▸ Action item: Go to the line holding "759° ogbl Image1893, $1.00" in the entries below and write out exactly every line down to and including the line holding "Text Position - This".

━━━ Exercise data

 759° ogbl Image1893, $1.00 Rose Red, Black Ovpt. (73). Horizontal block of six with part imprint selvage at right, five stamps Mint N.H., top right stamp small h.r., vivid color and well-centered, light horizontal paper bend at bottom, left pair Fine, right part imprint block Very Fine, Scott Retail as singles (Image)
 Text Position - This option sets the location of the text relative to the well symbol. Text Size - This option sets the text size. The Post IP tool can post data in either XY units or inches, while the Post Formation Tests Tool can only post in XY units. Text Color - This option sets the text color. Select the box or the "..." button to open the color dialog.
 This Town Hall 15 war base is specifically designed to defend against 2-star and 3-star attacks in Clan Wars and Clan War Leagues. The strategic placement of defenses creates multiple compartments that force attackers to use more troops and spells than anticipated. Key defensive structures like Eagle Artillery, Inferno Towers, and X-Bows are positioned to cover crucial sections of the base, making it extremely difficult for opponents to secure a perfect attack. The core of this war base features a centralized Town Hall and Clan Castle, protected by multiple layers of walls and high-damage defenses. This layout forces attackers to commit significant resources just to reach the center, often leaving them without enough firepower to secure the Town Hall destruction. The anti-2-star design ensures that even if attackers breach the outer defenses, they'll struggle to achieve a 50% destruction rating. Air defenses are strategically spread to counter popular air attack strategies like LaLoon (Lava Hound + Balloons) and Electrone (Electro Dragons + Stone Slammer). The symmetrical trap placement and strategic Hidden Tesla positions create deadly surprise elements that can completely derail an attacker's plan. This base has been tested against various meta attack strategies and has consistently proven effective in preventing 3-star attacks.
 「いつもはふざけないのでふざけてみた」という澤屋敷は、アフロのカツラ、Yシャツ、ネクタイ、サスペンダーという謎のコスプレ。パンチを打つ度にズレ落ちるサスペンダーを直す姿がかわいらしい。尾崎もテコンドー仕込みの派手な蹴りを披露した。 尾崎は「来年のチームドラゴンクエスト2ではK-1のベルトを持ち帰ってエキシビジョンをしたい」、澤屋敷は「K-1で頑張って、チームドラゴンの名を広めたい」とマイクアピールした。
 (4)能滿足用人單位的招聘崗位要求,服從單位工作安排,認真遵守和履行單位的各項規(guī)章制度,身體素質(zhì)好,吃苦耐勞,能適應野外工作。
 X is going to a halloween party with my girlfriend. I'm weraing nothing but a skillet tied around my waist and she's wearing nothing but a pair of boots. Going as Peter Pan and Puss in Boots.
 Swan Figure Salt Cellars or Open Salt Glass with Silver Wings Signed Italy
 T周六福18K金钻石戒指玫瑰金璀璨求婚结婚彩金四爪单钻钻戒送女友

━━━━━━
━━━ Exercise data

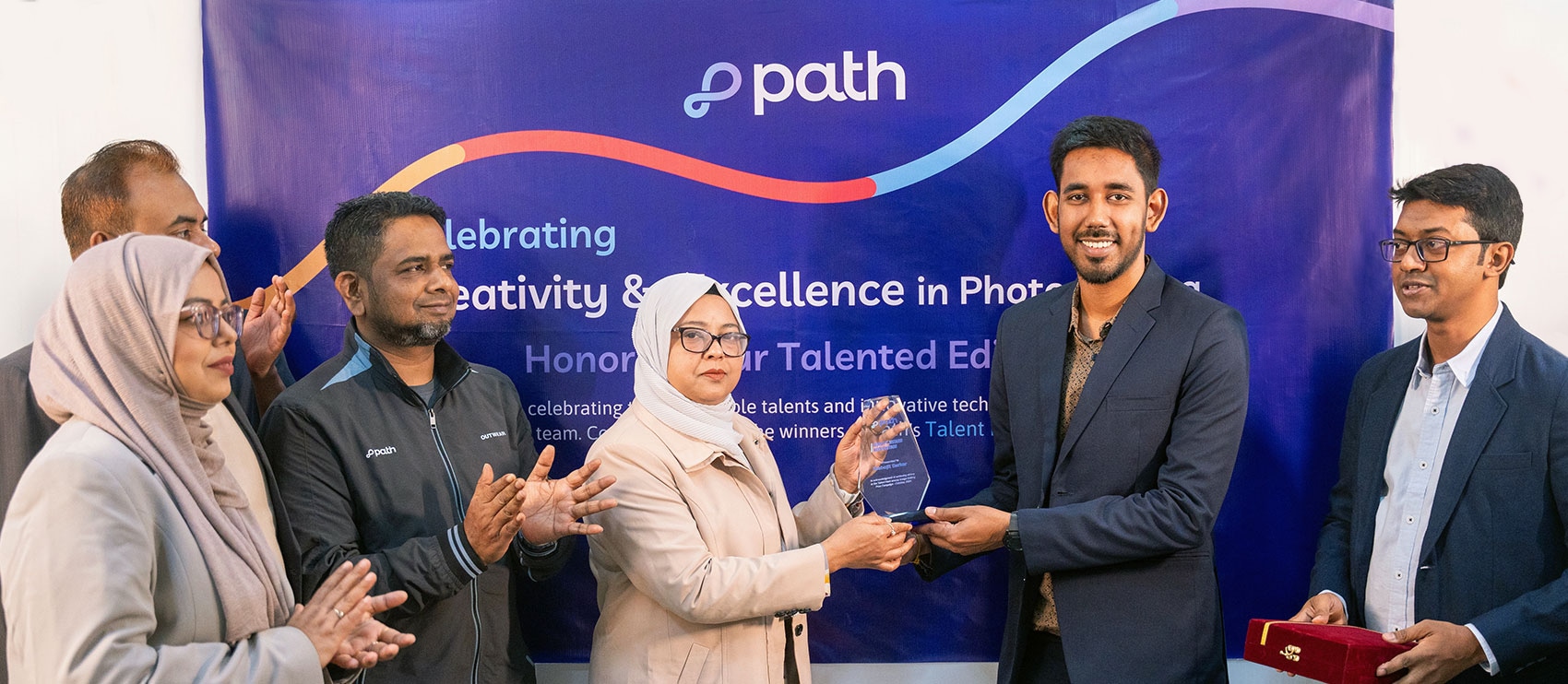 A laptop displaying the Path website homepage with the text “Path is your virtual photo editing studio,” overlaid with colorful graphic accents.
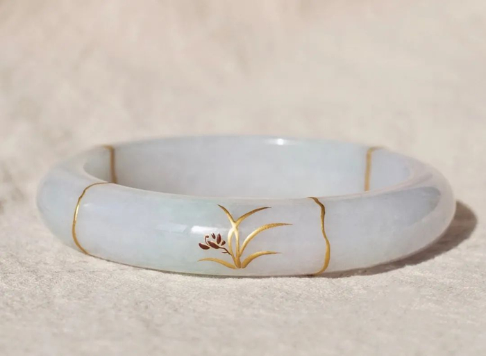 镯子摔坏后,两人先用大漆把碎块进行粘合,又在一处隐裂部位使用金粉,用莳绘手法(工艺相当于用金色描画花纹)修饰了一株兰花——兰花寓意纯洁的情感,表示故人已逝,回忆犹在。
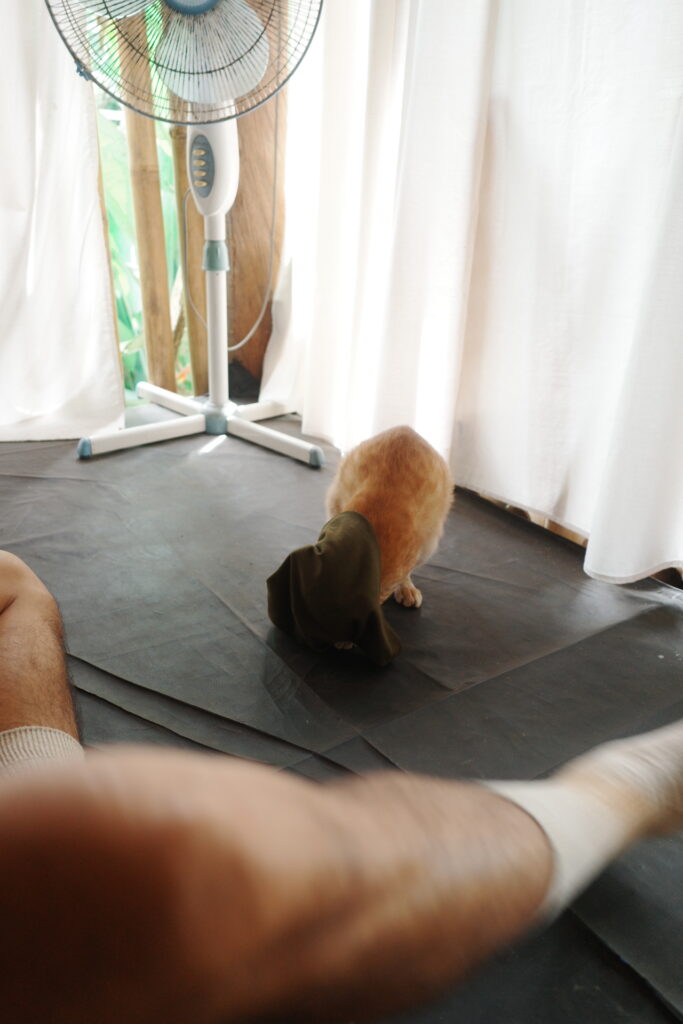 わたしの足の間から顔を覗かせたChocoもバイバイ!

━━━━━━

▸ Result:
 759° ogbl Image1893, $1.00 Rose Red, Black Ovpt. (73). Horizontal block of six with part imprint selvage at right, five stamps Mint N.H., top right stamp small h.r., vivid color and well-centered, light horizontal paper bend at bottom, left pair Fine, right part imprint block Very Fine, Scott Retail as singles (Image)
 Text Position - This option sets the location of the text relative to the well symbol. Text Size - This option sets the text size. The Post IP tool can post data in either XY units or inches, while the Post Formation Tests Tool can only post in XY units. Text Color - This option sets the text color. Select the box or the "..." button to open the color dialog.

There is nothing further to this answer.